> Dataset excerpt:
* * *

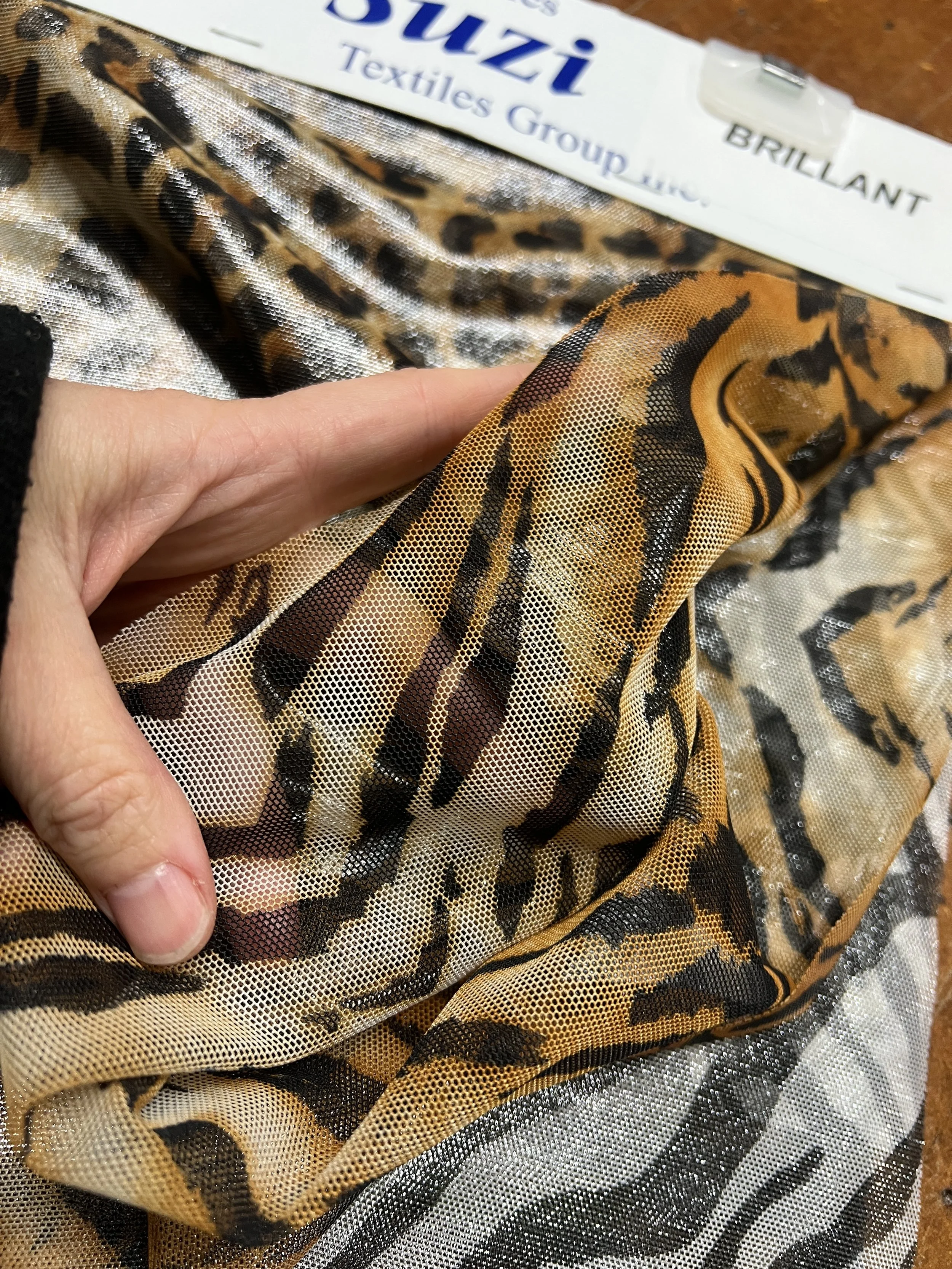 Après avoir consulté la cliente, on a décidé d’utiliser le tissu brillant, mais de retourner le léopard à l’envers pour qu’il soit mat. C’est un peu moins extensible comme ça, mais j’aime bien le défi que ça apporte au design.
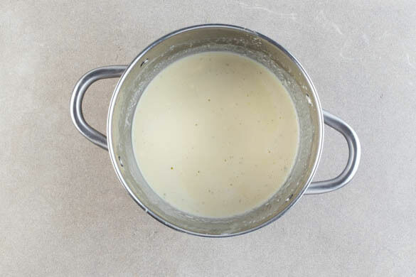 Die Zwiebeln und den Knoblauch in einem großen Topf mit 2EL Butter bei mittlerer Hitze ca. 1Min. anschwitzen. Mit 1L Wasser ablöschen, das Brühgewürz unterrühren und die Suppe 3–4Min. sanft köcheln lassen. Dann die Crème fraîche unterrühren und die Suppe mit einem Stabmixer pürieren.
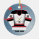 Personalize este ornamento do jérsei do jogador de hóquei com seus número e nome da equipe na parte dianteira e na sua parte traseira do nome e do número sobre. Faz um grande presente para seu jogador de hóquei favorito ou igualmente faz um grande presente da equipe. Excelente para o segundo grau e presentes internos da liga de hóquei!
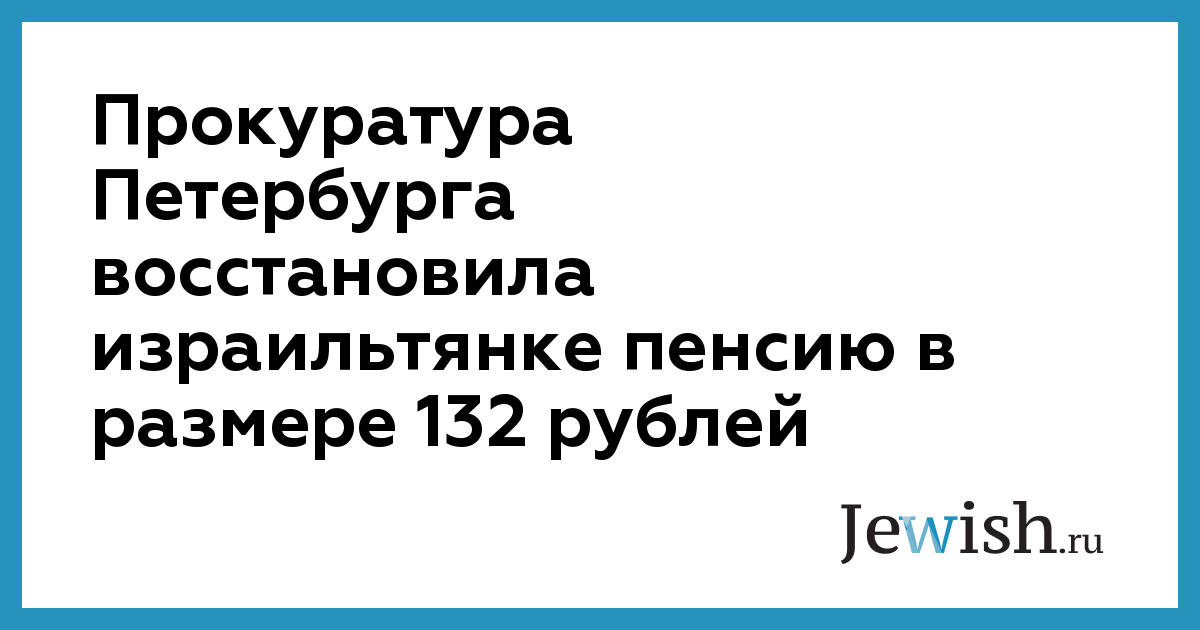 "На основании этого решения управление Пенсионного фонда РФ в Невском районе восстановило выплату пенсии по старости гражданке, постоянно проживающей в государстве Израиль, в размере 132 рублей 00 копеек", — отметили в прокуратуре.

* * *

Return all of the data exactly as written, and drop the pictures.

 Après avoir consulté la cliente, on a décidé d’utiliser le tissu brillant, mais de retourner le léopard à l’envers pour qu’il soit mat. C’est un peu moins extensible comme ça, mais j’aime bien le défi que ça apporte au design.
 Die Zwiebeln und den Knoblauch in einem großen Topf mit 2EL Butter bei mittlerer Hitze ca. 1Min. anschwitzen. Mit 1L Wasser ablöschen, das Brühgewürz unterrühren und die Suppe 3–4Min. sanft köcheln lassen. Dann die Crème fraîche unterrühren und die Suppe mit einem Stabmixer pürieren.
 Personalize este ornamento do jérsei do jogador de hóquei com seus número e nome da equipe na parte dianteira e na sua parte traseira do nome e do número sobre. Faz um grande presente para seu jogador de hóquei favorito ou igualmente faz um grande presente da equipe. Excelente para o segundo grau e presentes internos da liga de hóquei!
 "На основании этого решения управление Пенсионного фонда РФ в Невском районе восстановило выплату пенсии по старости гражданке, постоянно проживающей в государстве Израиль, в размере 132 рублей 00 копеек", — отметили в прокуратуре.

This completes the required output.